A nice feature to include with these maps is a dropdown to dynamically change the base-map styling. To do so, use the layout.updatemenus.buttons attribute to control the value of the layout.mapbox.style attribute. Since we wish to modify the layout.mapbox.style attribute, which is part of the plot’s layout, we’ll want each dropdown “button” to trigger a relayout event with the appropriate args. Here is one way to create a list of buttons, one for each of the default styles:

# generate plot.js buttons, one for every style 
style_buttons <- lapply(styles, function(s) {
  list(label = s, method = "relayout", args = list("mapbox.style", s))
})

With our list of style_buttons, we’re now ready to visualize something. Here I’ll leverage the trails data from the mapview package, which has a number of hiking trails of Franconia, Germany.

data(trails, package = 'mapview')

plot_mapbox(trails, color = I("black")) %>%
  layout(
    title = "Selected hiking trails in Franconia",
    mapbox = list(style = "satellite-streets"),
    updatemenus = list(list(y = 0.8, buttons = rev(style_buttons)))
  )

As a side note, you could also use shiny to modify the basemap layer without redrawing the entire plot, but the result here is self-contained HTML/SVG, which is much easier to share, host, scale, and maintain.
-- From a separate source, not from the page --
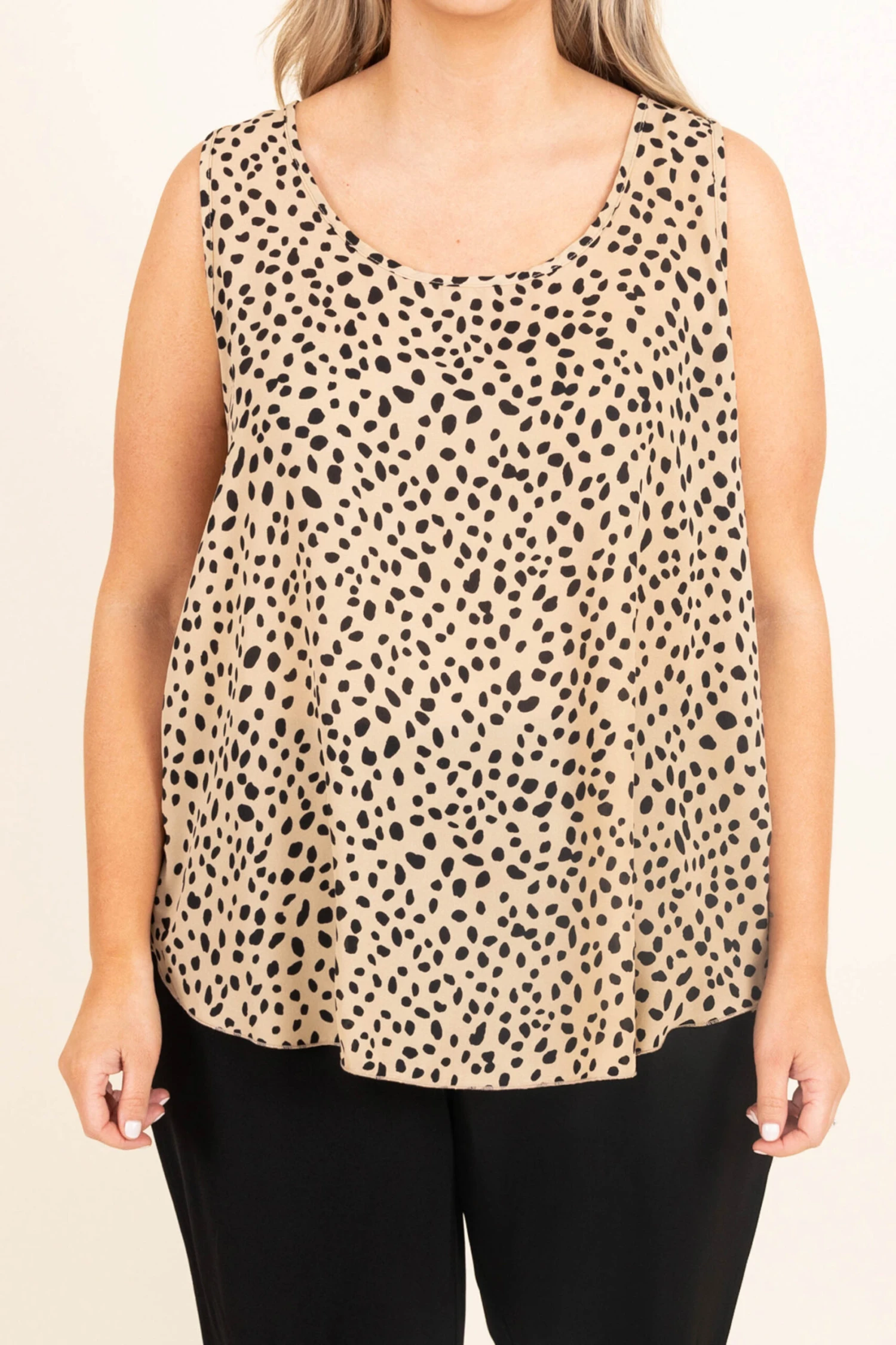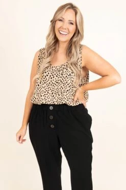 Join the club and grab this beauty! This top has a lovely taupe color with a super trendy leopard pattern that is a season fave! This tank has a flowy, flirty fit that is perfect for any occasion! Style it with some cute pants and a cute cardi for the office or skinnies and sandals for a classy casual look!

Linking views without shiny

In terms of linked brushing in self-contained HTML, plotly is definitely the most advanced crosstalk-compatible htmlwidget. You’ll be able to do more when linking plotly to plotly, but since persistent selection was recently added to DT, let’s demonstrate linking plotly with DT. To link views via crosstalk, you’ll want to supply a data frame of interest to the SharedData$new() method and route the resulting object to any plots that you want to link. By default, the row index (which, in this case, is a simple feature) is used to define the graphical queries, but you can also reference a (discrete) variable to achieve generalized selections (e.g., you could query all trails in a district via SharedData$new(trails, ~district)).4 Linking plotly with DT in this way gives us a pretty powerful way to identify simple features both directly and indirectly.

library(crosstalk)
tsd <- SharedData$new(trails)

bscols(
  plot_mapbox(tsd, text = ~FKN, hoverinfo = "text"),
  DT::datatable(tsd)
)

To provide a sneak peak into the power of the linking framework in plotly, let’s leverage a fairly recent feature: brushing of aggregated traces. This example demonstrates how to brush a histogram, but a similar approach could be used to brush other aggregated traces (e.g., add_histogram2d(), add_boxplot(), etc). In fact, one could replicate this example with add_bars() (instead of add_histogram()) by pre-computing bars heights and using a list-column key to assign multiple counties to each bar. In either case (add_bars() or add_histogram()), it is usually a good idea to set layout.barmode = "overlay" so that newly added bars don’t use the plotly.js default of dodging the existing bars. In the case where we let plotly.js dynamically compute aggregates (i.e., add_histogram()) it’s also a good idea to also define xbins (or ybins) so that binning of new bars use the same rules as the existing (i.e. initial) bars.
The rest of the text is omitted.